The legislation aims to create mechanisms within the federal government to respond to Chinese hackers' recent efforts to burrow into critical U.S. systems, according to a draft reviewed by Just the News. 

In February 2024, the FBI and the U.S. Cybersecurity and Infrastructure Security Agency warned that the Chinese state-sponsored cyber group Volt Typhoon had successfully compromised networks in several critical U.S. sectors such as communications, energy, transportation systems, and water and wastewater systems. 

Evidence from the Volt Typhoon hack, as well as documented intrusions by the Flax and Salt Typhoon groups, showed that Chinese hackers were “seeking to pre-position” themselves on U.S. networks to carry out “disruptive or destructive cyberattacks” in the event of a “major crisis or conflict with the United States,” the agencies concluded. 

The cyber threat, specifically from Chinese-made technology components, has already prompted the Trump administration to take action. 

In March, the Federal Communications Commission took radical action to ban the import of internet routers manufactured in foreign countries, citing the unacceptable security risks posed by Chinese hackers to U.S. critical infrastructure, Just the News previously reported. The FCC specifically cited the Volt, Salt, and Flax Typhoon hacks to justify the decision. 

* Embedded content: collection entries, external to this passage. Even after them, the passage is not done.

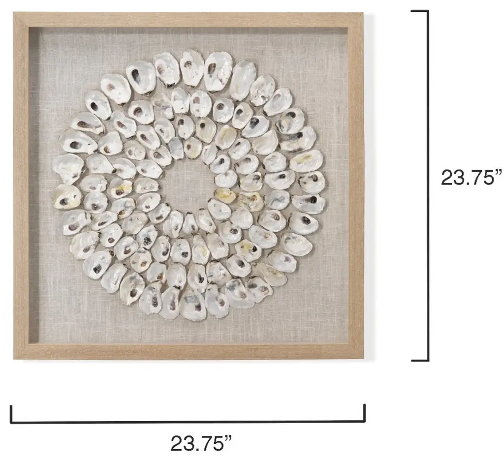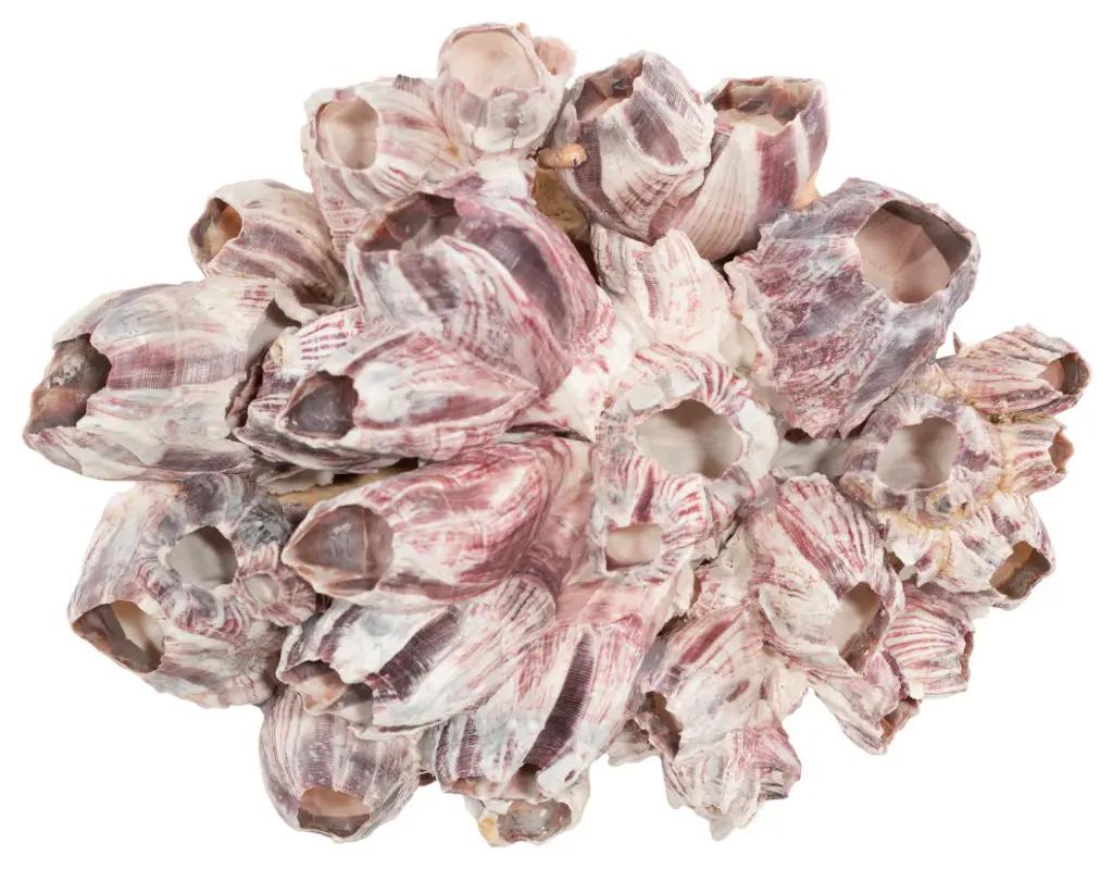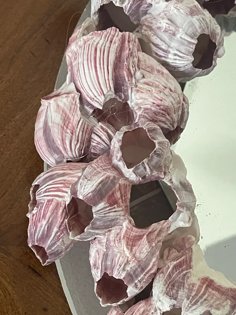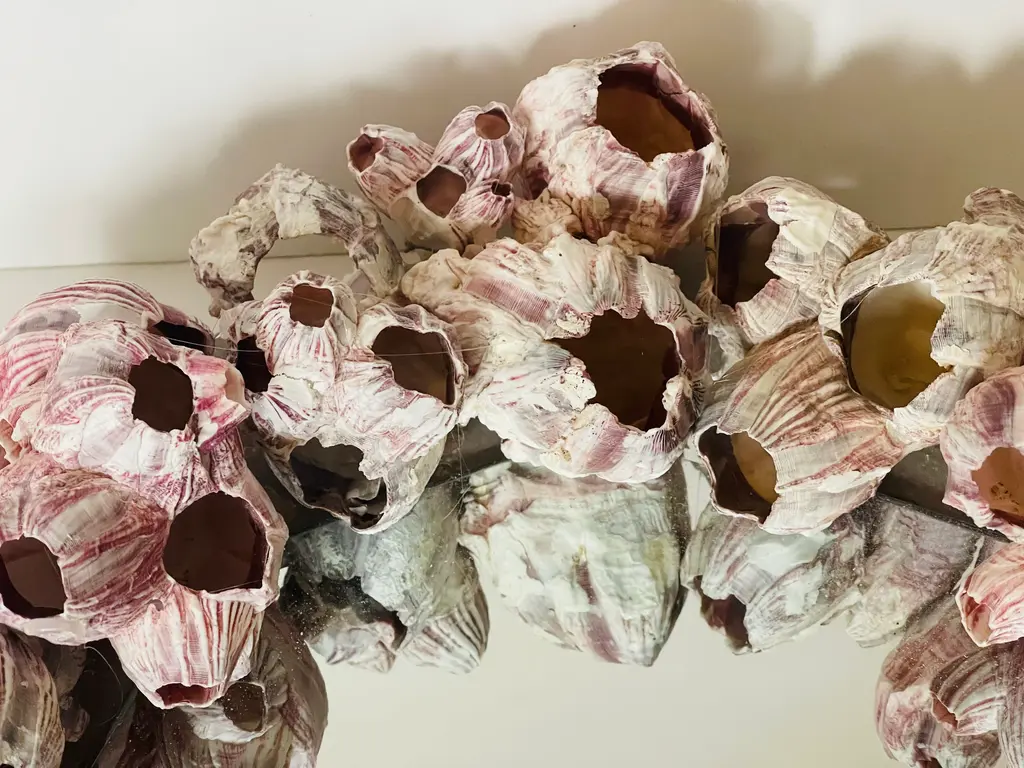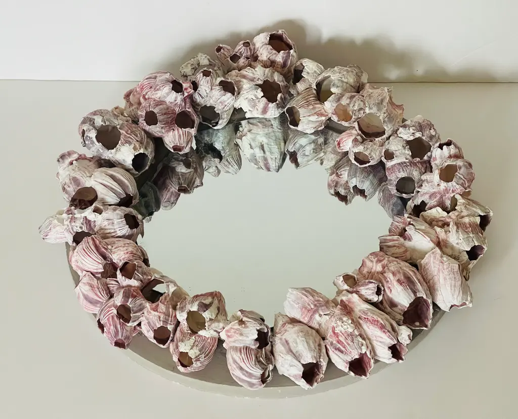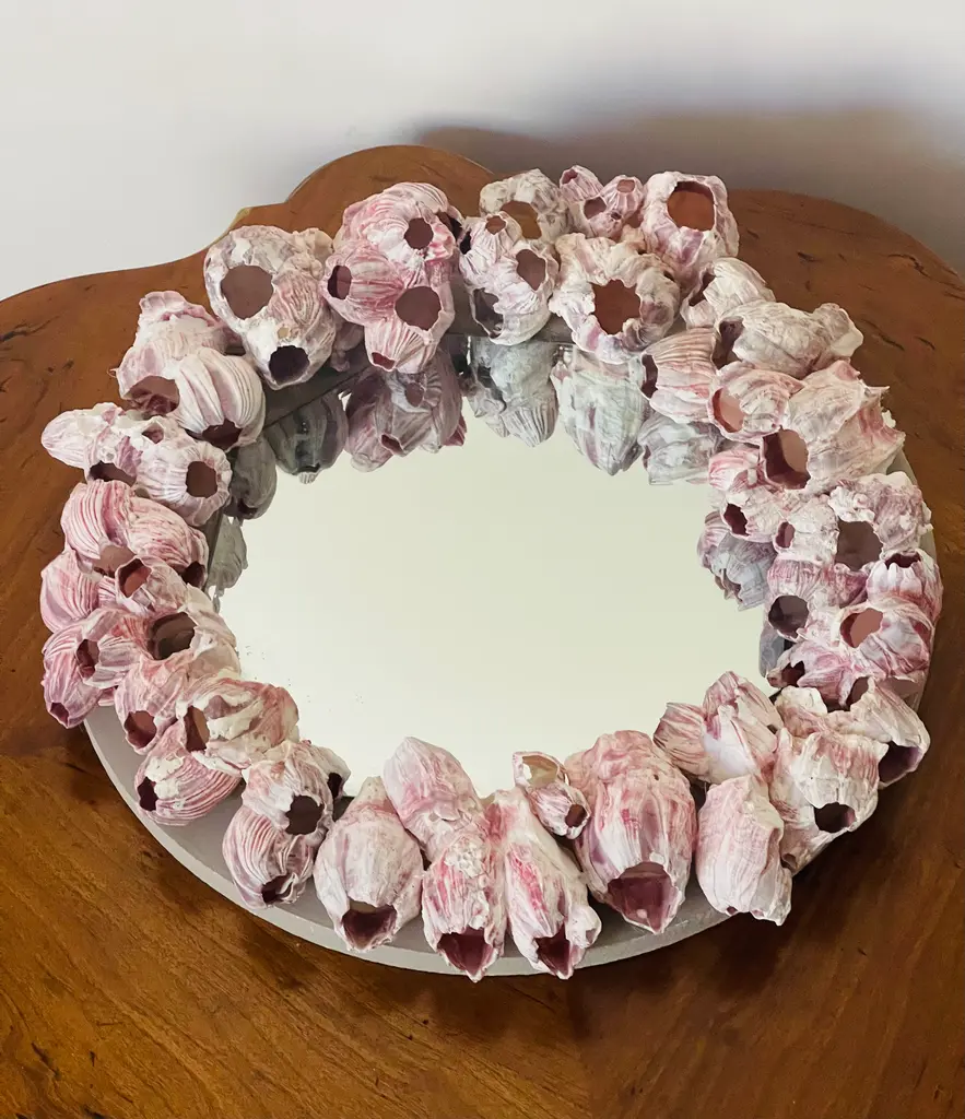 15” Round wall mirror encrusted with large pink barnacles clusters. Organic modern look. Original shape and color of barnacle shells.
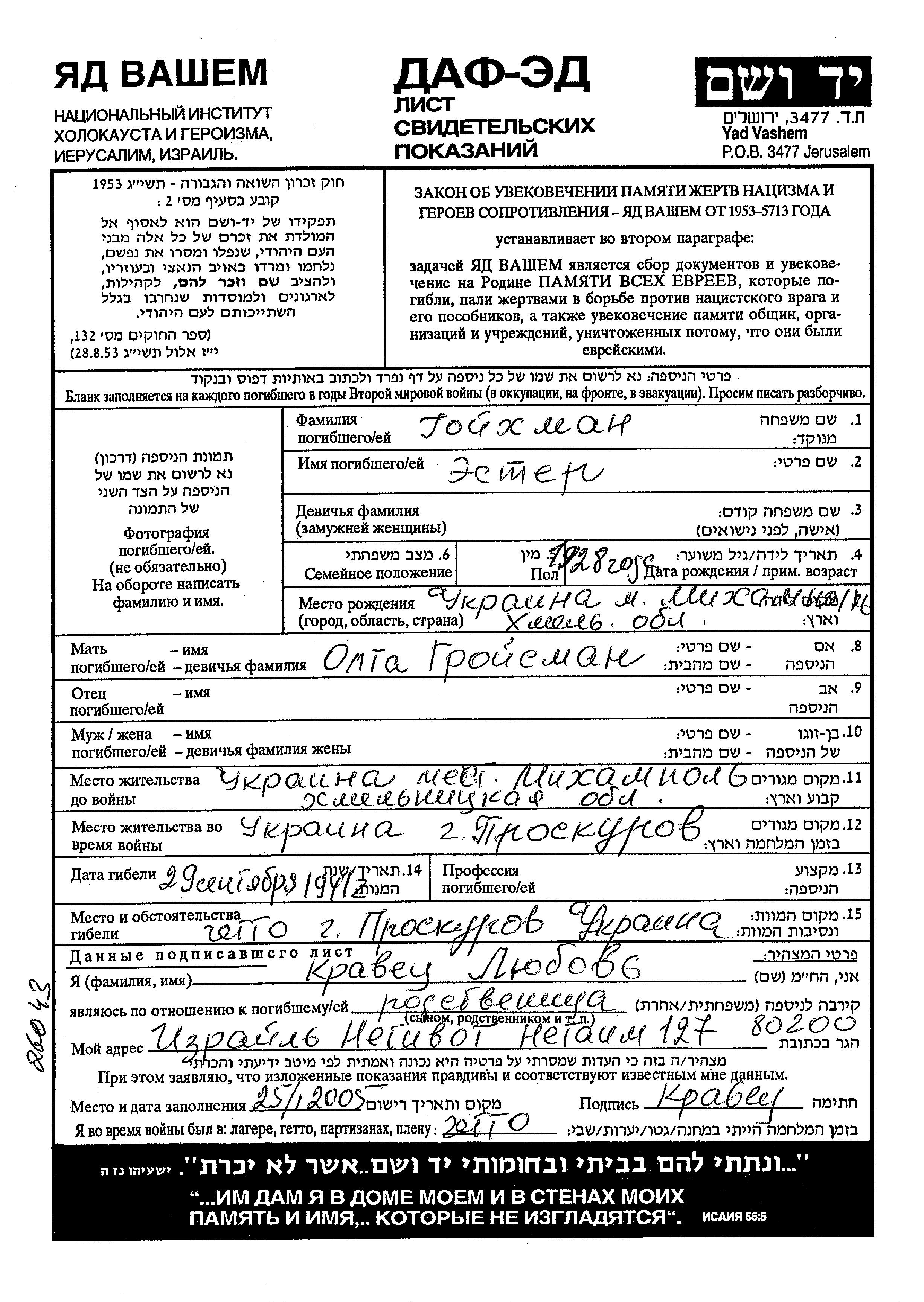 Au cours de la Shoah, les Juifs ont été assassinés de diverses façons : gazage, exécution par balle, immolation, noyade, enterrés vivants, épuisement par les travaux forcés, affamement, maladies et épidémies, privation de soins médicaux et de mesures de salubrité, etc. Certains Juifs ont mis fin à leur vie pour échapper à l'arrestation, aux persécutions ou aux souffrances permanentes et sans aucun espoir. Des dizaines de milliers de soldats juifs servant dans l’armée soviétique et capturés comme prisonniers de guerre furent sélectionnés comme juifs et assassinés. Beaucoup furent enregistrés comme «disparus au combat».
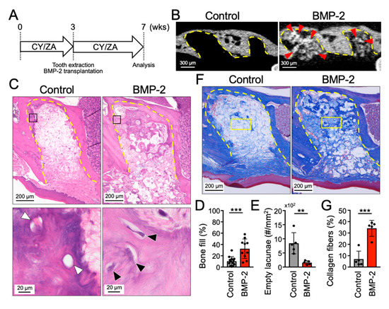 Transplantation of BMP-2/β-TCP partially induced bone formation in tooth extraction socket in a medication-related osteonecrosis of the jaw (MRONJ) prevention model. (A) Experimental design. BMP-2/β-TCP was transplanted into the extraction socket of the maxillary first molar after 3 weeks of CY/ZA administration in mice. CY/ZA administration was performed throughout the study period. ZA: zoledronate, CY: cyclophosphamide. (B) Sagittal images of micro-CT and (C) HE-stained sections, 4 weeks after transplantation. Lower panels are high magnification images of the squares in the upper HE-stained images. (D) The bone-fill rate in the tooth extraction socket and (E) the number of empty lacunae in the regenerated bone are shown in graphs, respectively. Bars represent the mean values and standard deviation (+/− SD) (n = 5–13). (** p < 0.01, *** p < 0.001. Student’s t-test). (F) Sagittal view of the tooth extraction socket stained with Masson’s trichrome, 4 weeks after transplantation. Yellow boxes indicate the total measured area for calculation of the ratio between the collagen fiber area and the total measured area. (G) The percentage area of the collagen fibers in the center of the tooth extraction socket is shown in the graph. Bars represent the mean values and standard deviation (+/− SD) (n = 5). (*** p < 0.001. Student’s t-test). Red arrowheads indicate the residual β-TCP. Black and white arrowheads indicate the osteocytes and empty lacunae, respectively. Yellow dashed lines indicate the tooth extraction socket.
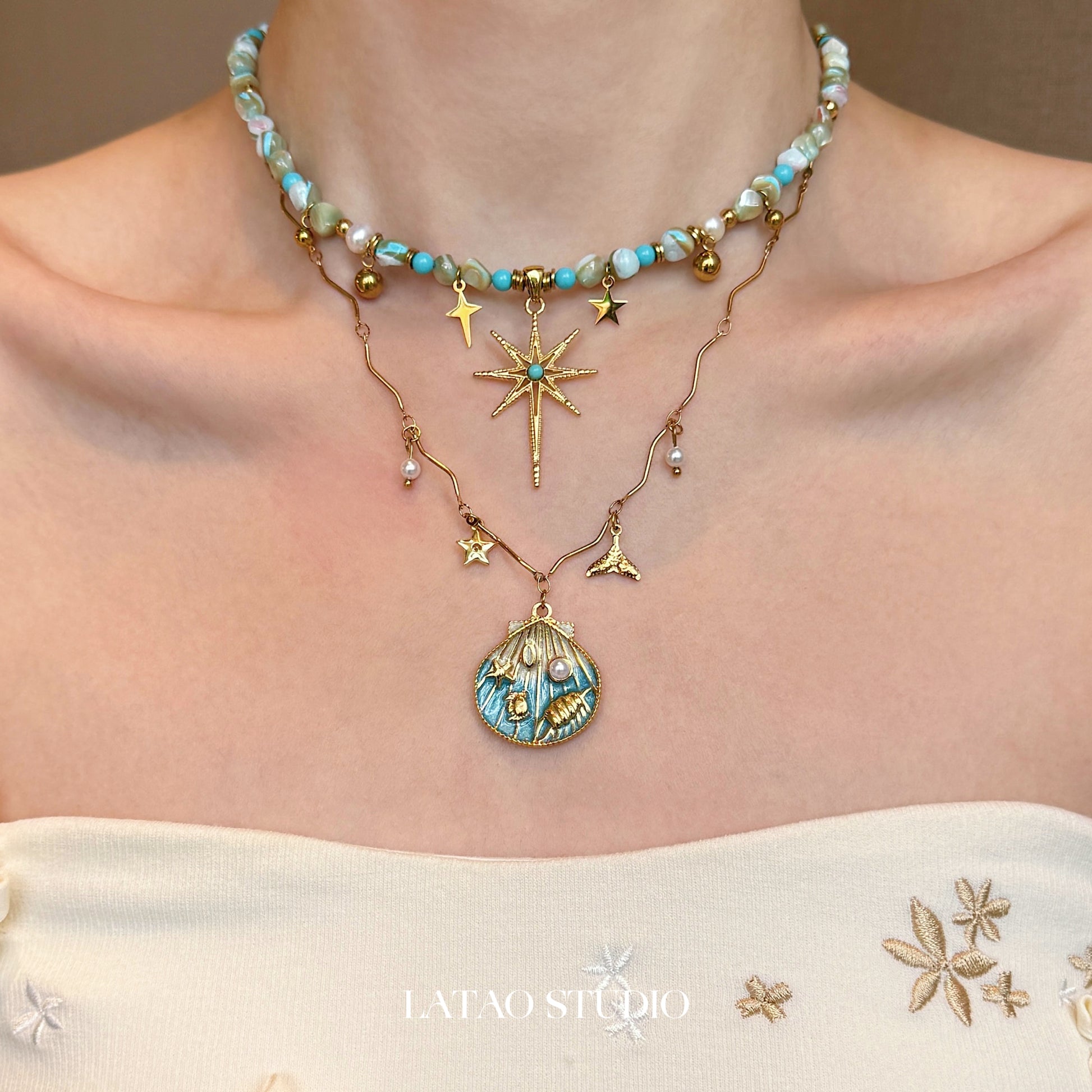 Blue Gold Shell Star Beaded Layered Necklace
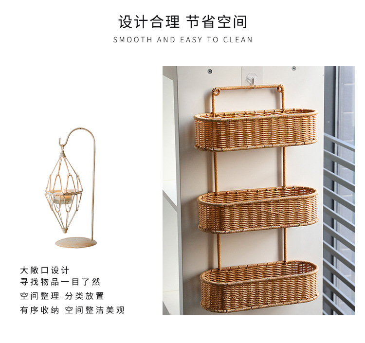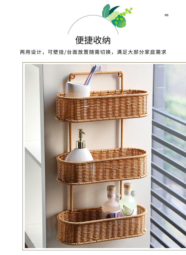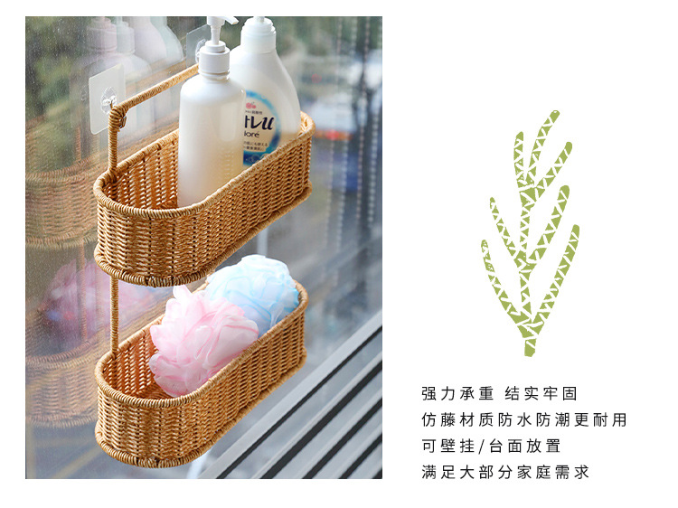 욕실 샤워 젤 주최자 랙 주방 스토리지 랙 다층 펀칭없이 모조 등나무 욕실 스토리지 랙
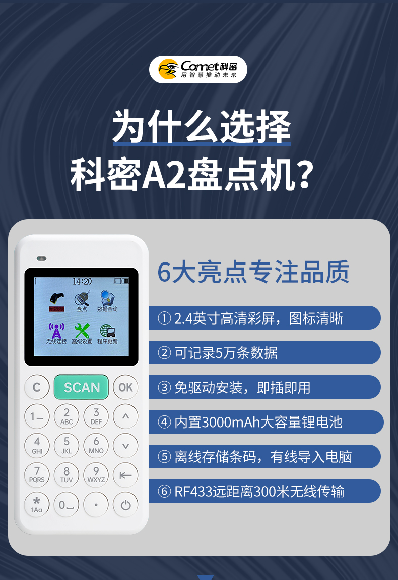 Comet科密A2超市库存盘点机无线仓库条码数据采集器pda进销存手持扫码盘点枪终端快递巴枪数据采集器
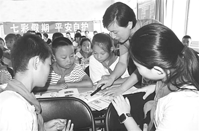 唐山市丰润区人民检察院携手区委政法委、团区委、区教育局工作人员,于暑假期间走进欣园社区、唐车社区和静园社区,创新开展了“益童行 暑假1+1”公益课堂活动,通过学好一节“平安自护课”、观看一场青少年“自护教育”公益电影的形式,让近200名少年儿童及家长在关爱互动的活动中共同学习、共同面对、共同受益。 图为检察人员在向孩子们讲解平安自护知识。 雷秀丽 摄影报道
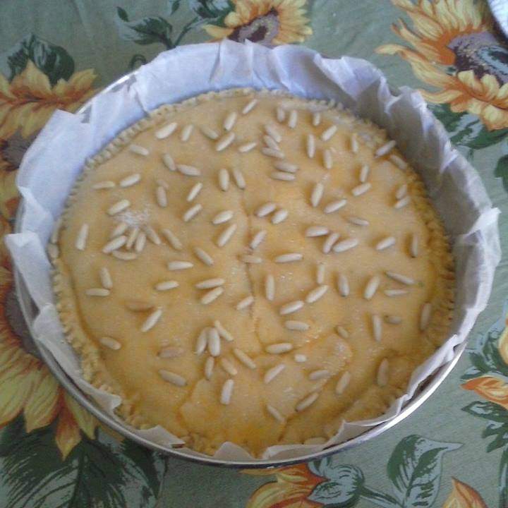 Stendere la restante pasta aiutandosi sempre con carta forno e coprire la torta. Spennallarla con un tuorlo ecospargere lo zucchero semolato e i pinoli. Infornare a 180° in forno preriscalto per 30-40 minuti.

The FCC’s new policy added all foreign-manufactured internet routers to the Covered List, which bans the import of such devices to the United States, but it does not affect previously purchased routers. 

The scrutiny focused on major brands like TP-Link, a Chinese company that is a global leader in networking devices, including routers. While TP-Link’s routers are popular for their affordability and widespread availability, their extensive use in American homes, businesses and even government networks alarmed lawmakers. 

One fear was that the PRC government could compel Chinese companies, under their national security laws, to install backdoors, gather data, or enable sabotage on behalf of the CCP. Under China’s 2015 National Security Law, Chinese companies and citizens must cooperate with the Chinese Communist Party and intelligence agencies. 

In 2024, then-FBI Director Christopher Wray said that Chinese hacking in the United States had “reached something closer to a fever pitch” and warned that China is "poised to attack whenever Beijing decides the time is right.”